MPL – Motorola's M6800 Programming Language - jhallenworld
https://github.com/jhallen/joes-sandbox/tree/master/exorsim/mpl
======
RodgerTheGreat
If you're interested in languages like this, often called "High-Level
Assemblers", you might be interested in L.in.oleum[0], a portable assembler
designed to aid the creation of a sequel to the game Noctis IV, or Octo[1], a
purpose-built HLA I designed targeting the Chip8 virtual game console.

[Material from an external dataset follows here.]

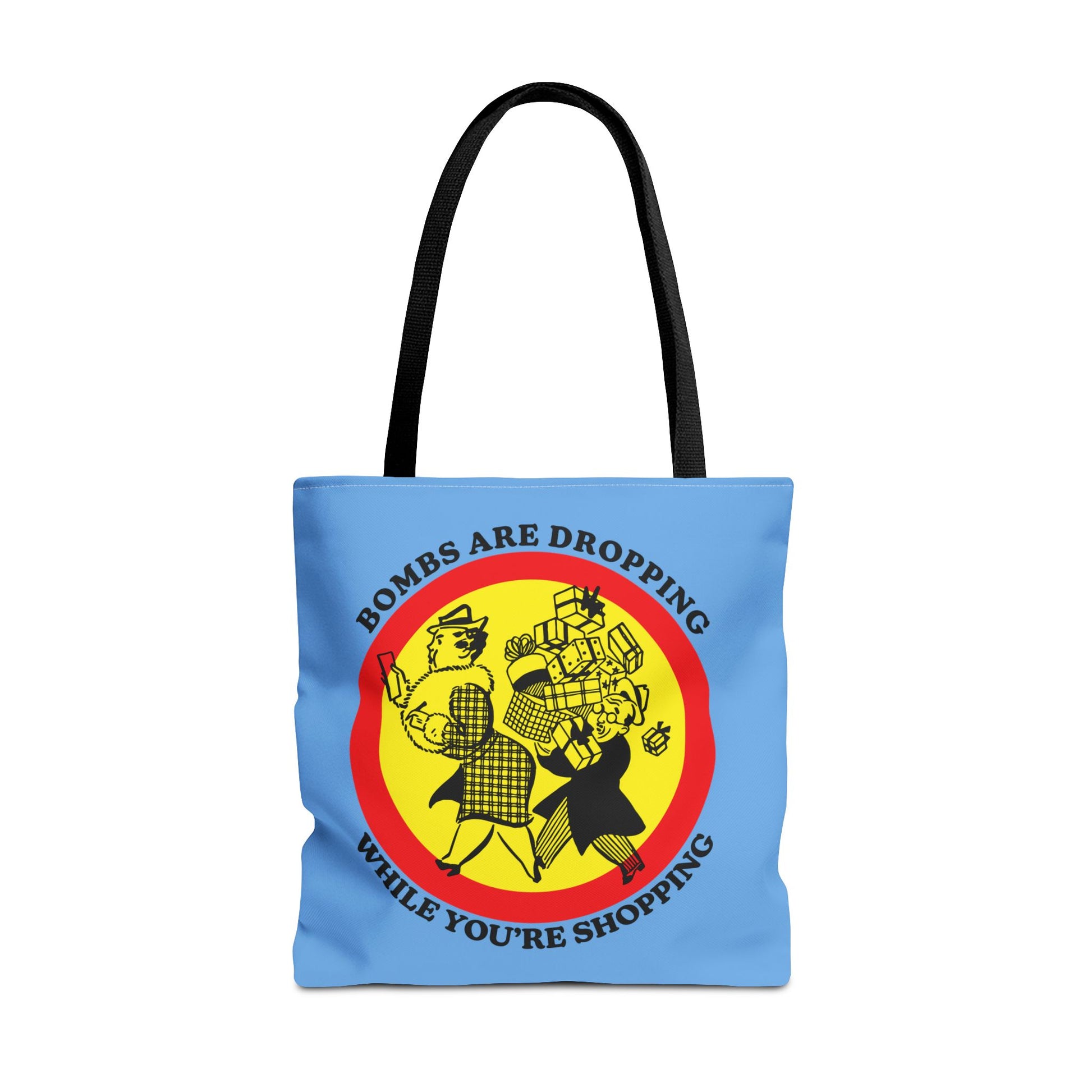 Loud, pointed, and impossible to ignore—this tote bag is designed to make a statement in a world that desperately needs one. Featuring two overloaded shoppers surrounded by the phrase Bombs Are Dropping While You're Shopping, this eye-catching design confronts the numbing effect of mass consumerism and the willful apathy embedded in capitalist culture.
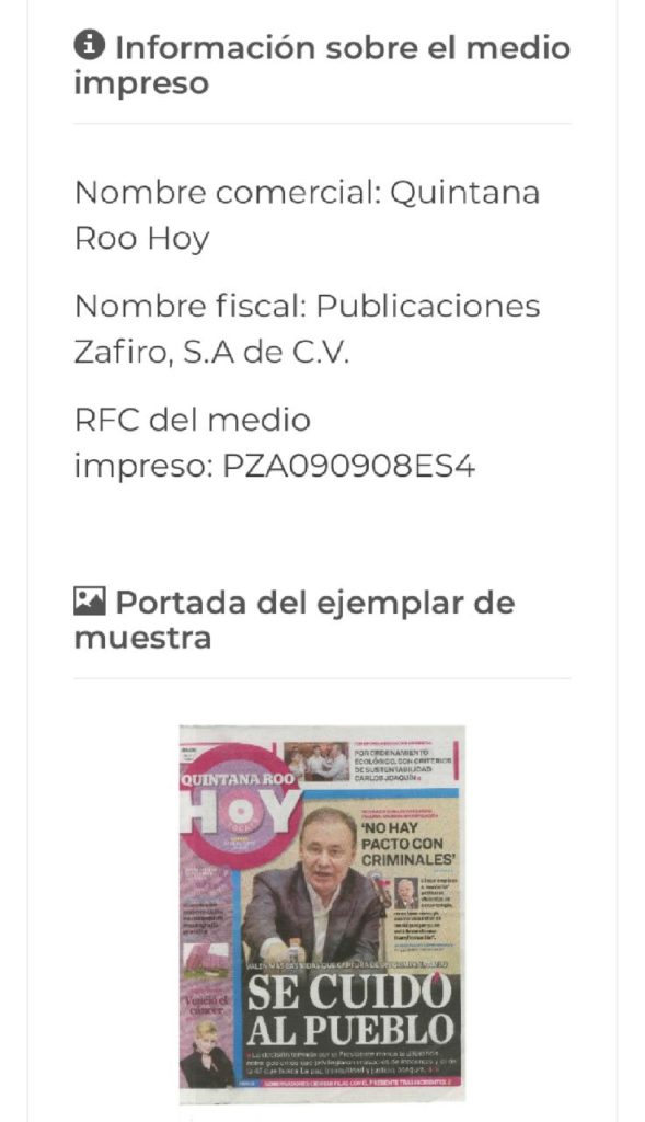 Pero el fraude es evidente y está a la vista de todos, en el Padrón Nacional de Medios Impresos, de consulta pública, en donde el Quintana Roo Hoy figura bajo el expediente CCPRI/3/TC/16/20583, y con su nombre fiscal Publicaciones Zafiro. Allí, su representante legal, Aurora Olin Godoy, presentó la certificación de circulación, ¡del Tabasco Hoy!, cómo si se tratara del periódico quintanarroense.

[0][http://en.wikipedia.org/wiki/Linoleum_(programming_language)](http://en.wikipedia.org/wiki/Linoleum_\(programming_language\))
[1][https://github.com/JohnEarnest/Octo](https://github.com/JohnEarnest/Octo)

------
fit2rule
The idea of conforming a language specification directly to the constraints of
a platform is highly idealistic, of course, but nevertheless one which has a
lot of contemporaneous applicability. Yet, the vogue appears to be more
inclined towards abstraction. Here, we see the abstract in its most naked
form: the owner of the hardware is the same as the owner of the software. They
are the first user.

So this is quite a poignant item for the HN crowd. Do we need more, or less,
of this sort of thing? Methinks, more.. but it may be knee-jerk borne from a
few decades of jade.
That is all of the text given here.